Publisher: Scribner Page Count: 304 Publication Date: Feb. 2, 2021
Synopsis: A scathingly funny, wildly erotic, and fiercely imaginative story about food, sex, and god from the acclaimed author of The Pisces and So Sad Today.
Rachel is twenty-four, a lapsed Jew who has made calorie restriction her religion. By day, she maintains an illusion of existential control, by way of obsessive food rituals, while working as an underling at a Los Angeles talent management agency. At night, she pedals nowhere on the elliptical machine. Rachel is content to carry on subsisting—until her therapist encourages her to take a ninety-day communication detox from her mother, who raised her in the tradition of calorie counting.
Early in the detox, Rachel meets Miriam, a zaftig young Orthodox Jewish woman who works at her favorite frozen yogurt shop and is intent upon feeding her. Rachel is suddenly and powerfully entranced by Miriam—by her sundaes and her body, her faith and her family—and as the two grow closer, Rachel embarks on a journey marked by mirrors, mysticism, mothers, milk, and honey.

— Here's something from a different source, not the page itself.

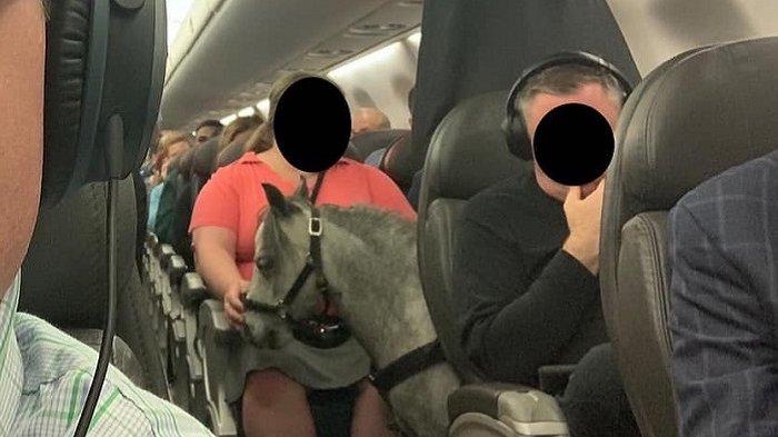 Penumpang pesawat American Airlines terkejut melihat ada kuda mini ikut naik pesawat.

Pairing superlative emotional insight with unabashed vivid fantasy, Broder tells a tale of appetites: physical hunger, sexual desire, spiritual longing, and the ways that we as humans can compartmentalize these so often interdependent instincts. Milk Fed is a tender and riotously funny meditation on love, certitude, and the question of what we are all being fed, from one of our major writers on the psyche—both sacred and profane.
TRIGGER WARNING: disordered eating, body dysmorphia, homophobia This was a wild ride of a novel with an interiority that bordered on too invasive. Following 24 year old Rachel, a woman who has an eating disorder, Milk Fed explores a young woman forging her path and allowing desire to overtake her while still battling the struggles of her past. Rachel is at the beginning of a 90-day communication detox from her mother, the woman largely responsible for Rachel's complex, damaging relationship with food when she meets Miriam, an Orthodox-Jewish woman who relishes a good meal. As Rachel discovers passion and attraction, she also re-engages with eating to savor rather than punish. However, the damage her mother and years of self-loathing have caused does not subside easily. Broder's writing feels as if we're reading Rachel's unfiltered, unapologetic thoughts. The novel in no way glorifies disordered eating and I think could be quite triggering for readers who struggle with food and their body image. The descriptions of bodies often relate to food, as if sexual experiences feed Rachel's hunger in ways that food never could. This book is queer, it is erotic, and it will undoubtedly be polarizing. I thought the writing was superb and I would recommend this to readers of Luster by Raven Lelani, Supper Club by Lara Williams, or Want Lynn Steger Strong. My only complaint is that the ending felt abrupt.